The patrol consisted of seven persons under the command of Inspector Mokobela. Of the police officers only one, the

2
Appellant, carried a firearm. He had been issued with an AK47 rifle and twenty cartridges. The other policemen had batons only. An AK47 may be adjusted in such a way as to produce a single shot on pressing the trigger or, at the option of the person operating it, to fire on an automatic basis until the trigger is released or the magazine emptied.
The events which occurred after the police patrol arrived at the Moroka yard are, even on the State evidence, far from clear. We were told by Mrs. Dambe who prosecuted on behalf of the State that it was decided to call certain villagers and certain police officers to give evidence as to what happened immediately before and at the time of the shooting of the deceased. The prosecution was aware of serious discrepancies between the statements of witnesses but decided on this course because it could not determine which of the two conflicting versions was the correct one. In the circumstances it may well have been the proper thing to do.
However, the adoption of what was broadly a two-pronged mutually destructive approach by the prosecution effectively required of the Court that it should make findings as to which of the two versions it accepted and give reasons for so doing.
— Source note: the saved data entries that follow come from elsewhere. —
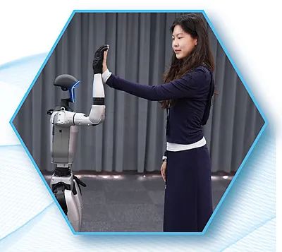 ▲在浙江杭州宇树科技展厅,机器人展示击掌动作。新华社记者 黄宗治摄
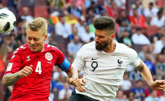 Simon Kjaer (izq.) de Dinamarca y Olivier Giroud (der) de Francia. Foto:AP
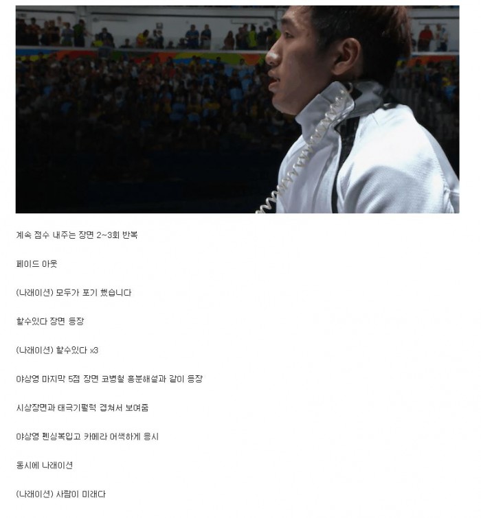 이 교수는 "박 선수의 '할 수 있다'라는 메시지에는 공익적 메시지가 담겨있다. 아마도 기업PR광고모델로서 박상영 선수가 뽑힐 수 있다. 기업쪽에서도 올림픽 영웅을 모델로 섭외하면 좋은 마케팅 효과를 거둘 수 있을 것이다"고 전망했다.(리우데자네이루/브라질=게티/포커스뉴스) 박상영이 10일(한국시간) 브라질 리우 데 자네이루 카리오카 아레나3에서 열린 남자 펜싱 에페 개인전 결승에서 제자 임레(헝가리)를 꺾은 후 환호하고 있다. 2016.08.10 ⓒ게티이미지/이매진스 네티즌 유저 '올_르건***'가 커뮤니티에 올린 가상 광고 시나리오. <사진출처=온라인커뮤니티 'ALLMA'(리우데자네이루/브라질=게티/포커스뉴스) 남자 펜싱 박상영이 10일(한국시간) 브라질 리우 데 자네이루 올림픽파크 카리오카 아레나3에서 열린 2016 리우올림픽 남자 펜싱 에페 개인전 결승에서 세계랭킹 3위 제자 임레(헝가리)를 꺾었다. 금메달을 목에 건 박상영이 두 손을 번쩍 들고 기뻐하고 있다. 2016.08.10 ⓒ게티이미지/이매진스 (리우/브라질=게티/포커스뉴스) 박상영이 10일 오전(현지시간) 브라질 리우 데 자네이루 카리오카 아레나3에서 열린 남자 펜싱 에페 개인전에서 우승한 후 태극기를 들고 환호하고 있다. ⓒ게티이미지/이매진스 2016.08.10 차상엽 기자
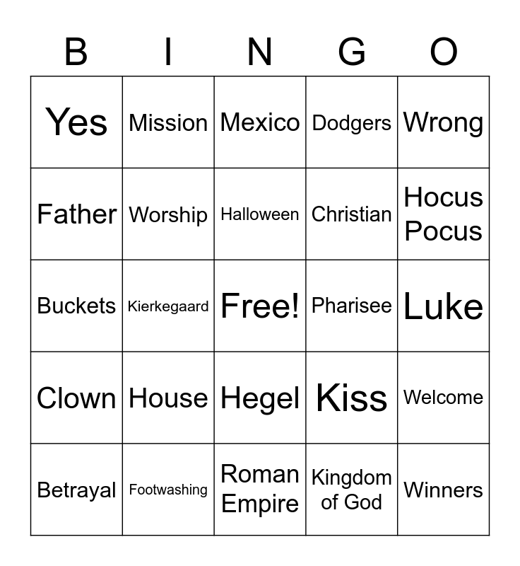This bingo card has a free space and 31 words: Roman Empire, Prodigal Son, Kierkegaard, Right, Yes, Mexico, Worship, Kiss, Pharisee, Kingdom of God, Luke, Winners, Fire, Losers, Hocus Pocus, Forgiveness, Welcome, House, Clown, Hegel, Wrong, Judas, Betrayal, Mission, Christian, Father, Dodgers, Buckets, Footwashing, Halloween and Universe.
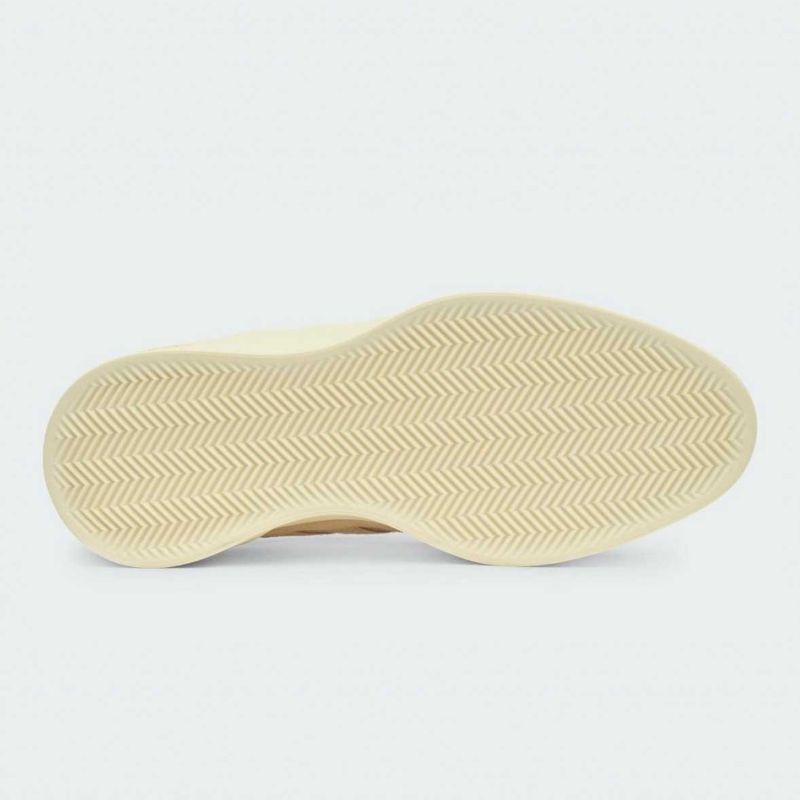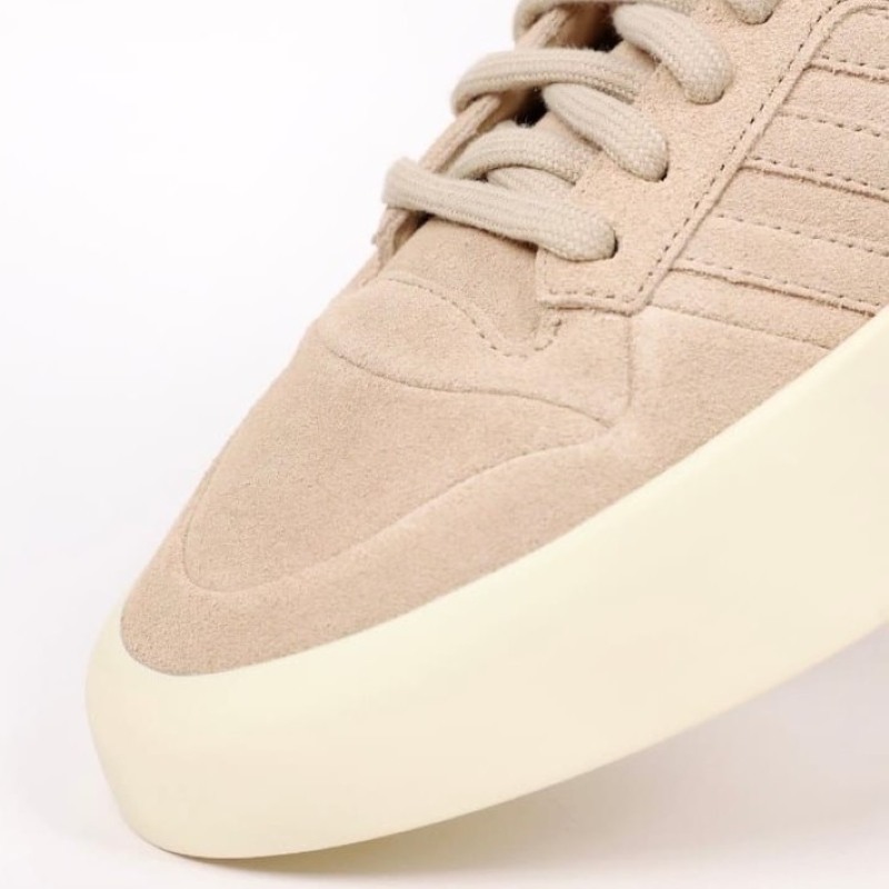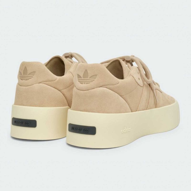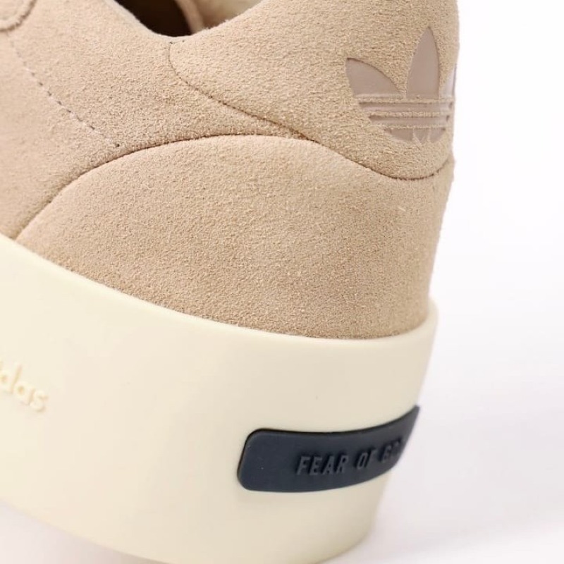 ヒールタブにはadidasのブランドロゴが入り、ソールのかかとにはFear of Godの名を誇らしげに示す
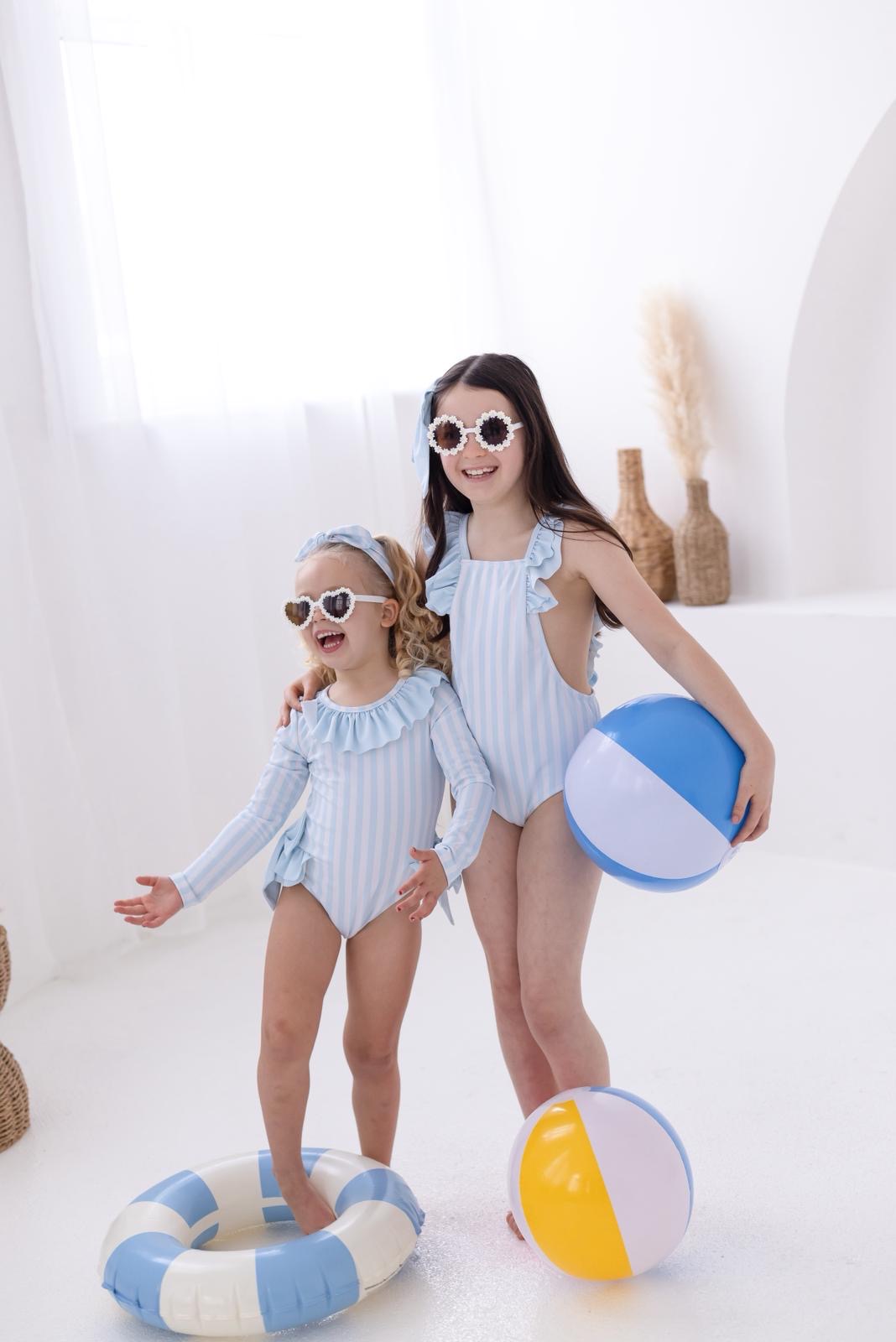 girls luxury swimsuit, mint stripe girls swimwear, long sleeve girls swimsuit, UV protection kids swimwear, designer girls swimming costume, frill girls swimsuit, pastel girls swimwear, boutique girls swimsuit

The trial Court had the great advantage of seeing and hearing the witnesses. The learned Judge should have examined the evidence of each witness in either group with a critical eye and come to a conclusion as to the relative reliability of each of them;as to which facts should be accepted and then set out in the judgment the reasons for coming to such conclusion. The necessity for a reasoned statement of which of the two versions

3 and the evidence of which witnesses should be accepted was in the present case of the utmost importance because, on the version of the majority of villagers, the Appellant was guilty of the cold blooded murder of Binto whereas, on the police version, he had been guilty of shooting the deceased in circumstances amounting to the use of excessive force to effect an arrest or to subdue the Appellant who was attempting to escape from lawful detention, so rendering himself liable to conviction of the crime of manslaughter. Unfortunately the learned Judge did none of these things. All that this Court knows is that the learned Judge must have rejected the evidence of the Appellant because he found him guilty of murder, but what part of the State ' evidence was accepted by the learned Judge in coming to this decision remains obscure because one does not know what version of the State witnesses was used by him to reach the verdict he did.
Mr. Hannon, S.C. who appeared for the Appellant, wisely it would seem, did not attempt to support the version of the Appellant. He, however, urged upon this Court to approach the appeal on the assumption that the State evidence most favourable to the Appellant should be accepted since no assistance was provided by the Judge who heard the case. There seems to be merit in this approach. I will proceed by giving a short outline of the evidence for the State and the Appellant.
The sister of the deceased Ms. Lesego Moroka says that she was asleep in a room of a two bedroomed house at about 11 a.m. when she heard persons calling her brother's name. Her brother was asleep in a nearby hut. She went outside. She found six S.S.G. officers. Her brother, whose first name was Binto,

4 appeared from the hut and acknowledged that he was Binto. The S.S.G. officers then assaulted him with a baton and sticks which they were carrying. They struck him all over the body. Binto tried to run away and one of the S.S.G. officers tripped him. He then stood up and walked toward the entrance of the homestead which fronts upon a street. The S.S.G. officers walked on either side of him. The Appellant then arrived and walked past the witness. When Binto was about to go through the gate, the witness heard someone say "fire up" , at which the Appellant shot her brother from behind. The witness identified an AK47 as the weapon shown to her as looking like the gun which killed her brother.
Mr. Phiri Mogau was visiting in the vicinity of the Moroka homestead when he saw six S.S.G. officers enter the premises by jumping over the fence or entering through the gate. They knocked at the door of the house and of the hut and Binto emerged from the hut. Two of them "fought" Binto by hitting him with batons and kicking him on the buttocks. Binto then ran away but he was tripped and fell. He was again kicked but he got up and ran towards the house. Two S.S.G. officers then got hold of his arms and they walked with him toward the entrance to the yard. Someone then shouted "halt" and Binto was released. He was then shot from behind. He and Binto's sister found two cartridge cases.
Mr. Lekgoa Phera, who was a resident of Mochudi, gave evidence which approximates more to the evidence of the S.S.G. officers than to what was said by the first two villager witnesses. He says that he saw an S.S.G. officer pointing a gun

5 at Binto when he came out of the hut. Binto then pushed the gun away from him and ran away toward the entrance to the yard. He ran for ten paces and was then shot by the Appellant. The most important omission in the evidence of this witness was the assault upon the deceased and the most important discrepancy was the statement that the deceased was running away when he was shot and not apparently under the control of the S.S.G. as the other villager witnesses said.
The version of events given by Mr. Phera is basically the same as that given by the S.S.G. officers - a confrontation over the gun, no assault by the S.S.G. upon the deceased and an attempt by Binto to escape from the yard by the front gate, followed by a shot or shots from the gun of the Appellant when Binto reached the gate.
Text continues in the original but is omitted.